He squints, scrawls on a separate scroll, and toys with the ends of his hair — now resting past his shoulders. The hair sticks in clumps, straight and messy, and Hashirama flicks his wrist, tucking his uneven bangs behind each ear.

Gradually, his fidgeting travels to his legs and feet, tapping toes and humming out of thought. He itches the score of pimples marking his forehead, pushing his hair back once more; the wishes of his father ring loudly, and with one final heave of will he takes the ribbon around his wrist, tying his hair together in a baby ponytail.

Free at last.

Hashirama scribbles an endless stream of words, noting the medical processes, and a flash of lightning illuminates the old etchings of anatomy and chakra points on the weathered scroll.
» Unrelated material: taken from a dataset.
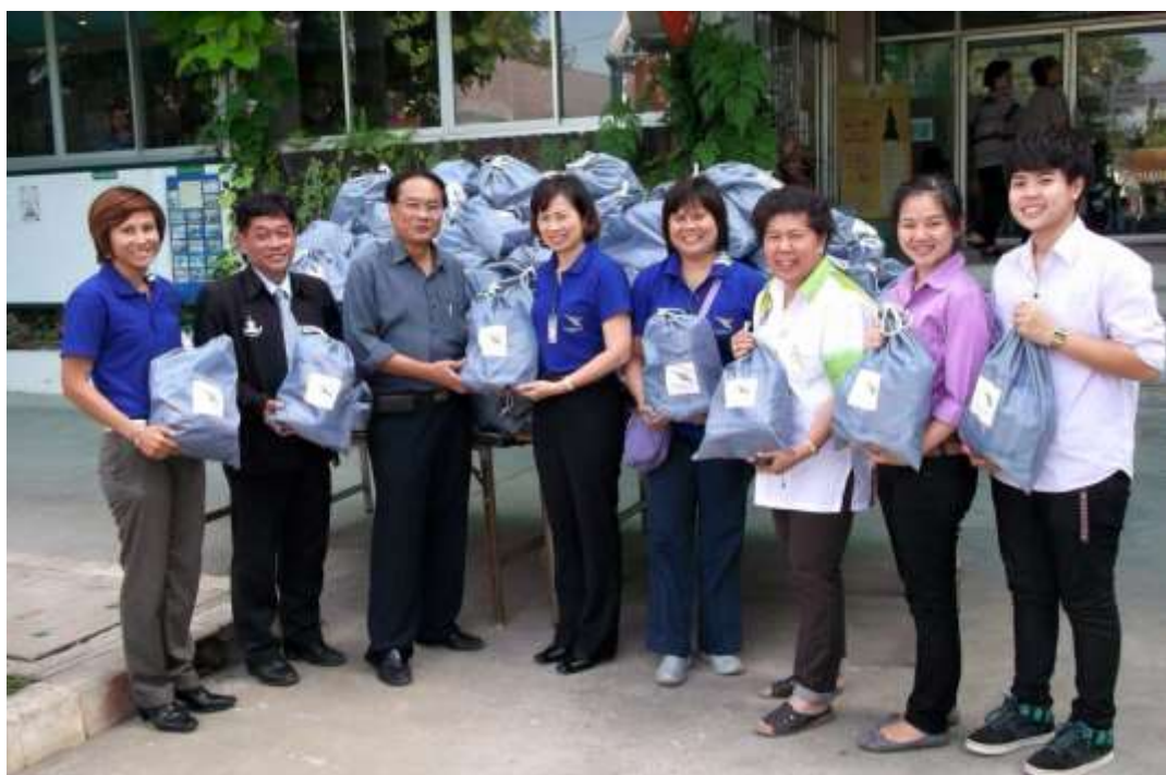
มอบถุงยังชีพ เพื่อช่วยเหลือผู้ประสบอุทกภัยปี ๒๕๕๔ ในพื้นที่โดยรอบ ทสภ.

Time ticks by, and when his pen meets its cap, raindrops plop onto the outside earth.

_Now what?_

With a yawn, the young Senju stretches back, feet sprawled and legs spread; another gust of wind hurls through the tree hollow, and this time it rustles his hakama, cool air traveling up his legs.

He itches his ankle, but somehow, the itch is further ingrained, and Hashirama begins to shift from one side to the other, willing this persistence away, hand furled dutifully at his thighs; but his fingertips warm the skin through the fabric, and Hashirama stares into his lap for one long second before placing the palm of his hand on his crotch.

A whine spills from his slacken mouth.

Roaring thunder rouses him from his ministrations, and he leaps out of his skin, back straight and arms flailing. The back of his hand throbs as it meets cool glass, and with the turn of his head he spots black ink trickling to the hem of his pants…

He would have to explore _that feeling _another time.


	14. Another Story

There are many privileges a man could ask for: he could beg for wealth, for forgiveness, for the tears to burn a little less hot or the hugs to clutch a little more tight; he could cry to his higher power or scream at the devil; he could tear the seams asunder and pray for them to conjoin; he could plead for death or life (either the latter because of the former, or the former because of the latter). A man may also ask for an end to world hunger, for worldwide success, for a lapse in war.

Madara did not ask.

Or, to be more precise, Madara did not ask with _words. _He was a man of action, a man of doing—a man of doing when the night whispered lullabies to the stars. When his brothers started falling to their graves (Metaphorically speaking: The pyre actually burned their bones to ash.) Madara did not demand the gods to bring them home.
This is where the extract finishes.